Ways to manage multiple medications

A senior organizes medications into a pill box.

About 40% of patients with chronic heart failure have 5 or more other serious conditions,1 such as diabetes, chronic obstructive pulmonary disease, obesity and depression. This creates special challenges, such as making sure all medicines are taken at the right times.

5 tips to keep track of multiple medications

If your loved one takes more than 1 drug, you can help him or her develop a schedule. Here are 5 ideas:

  1. Match taking medications with his or her daily activities, such as brushing teeth, eating meals (keep drugs at the table), walking a pet or drinking the first cup of coffee or tea in the morning.
  2. If medications are taken several times a day, set up a daily/weekly pill box divided into morning, noon and night. This reminds your loved one if doses are missed.
  3. Set up alarms or sign up for daily text reminders. 2 options are visit Taking your medications as directed page and download the Humana Pharmacy® mobile app.
  4. Find a pill buddy to remind him or her to take medications—and your loved one can remind the buddy as well.
  5. Talk with the doctor about possibly switching drugs to fit your loved one’s daily schedule, using combination products or changing dosage forms (i.e., transdermal patch). Ask if any drugs are no longer needed.

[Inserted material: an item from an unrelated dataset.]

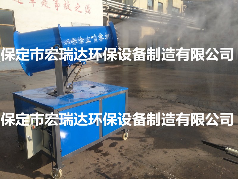 风送式喷雾机,可以通过无线遥控方式,进行水平转动和上下摆动,实现雾团对尘源体的有效覆盖,从而达到喷雾除尘的效果。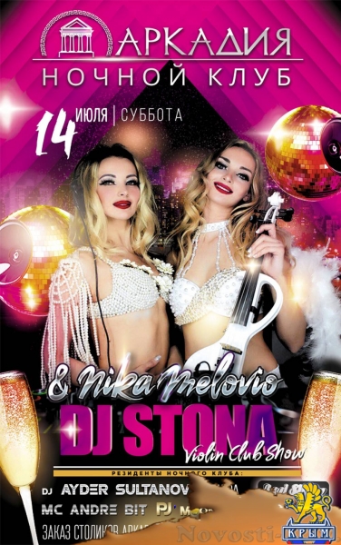 НК Аркадия. 14 июля, суббота гость ночи DJ Stona & Nika Melovio

Common medicines for heart failure

  • Angiotensin-converting enzyme (ACE) inhibitors⁄angiotensin II receptor blockers (ARBs): Make it easier for the heart to pump, help the heart muscle work better and can lower blood pressure
  • Beta blockers: Block the body’s response to some substances that can damage the heart, help the heart muscle work better and can lower blood pressure and heart rate
  • Statins: Block a step in the body’s production of cholesterol
  • Diuretics: Get rid of excess water in legs, feet and lungs if fluid buildup is a problem


  1. Chim C. Lang and Donna M. Mancini, “Non-Cardiac Comorbidities in Chronic Heart Failure,” Heart 93, no. 6 (June 2007): 665–71, accessed December 14, 2020, doi: 10.1136/hrt.2005.068296 , opens new window.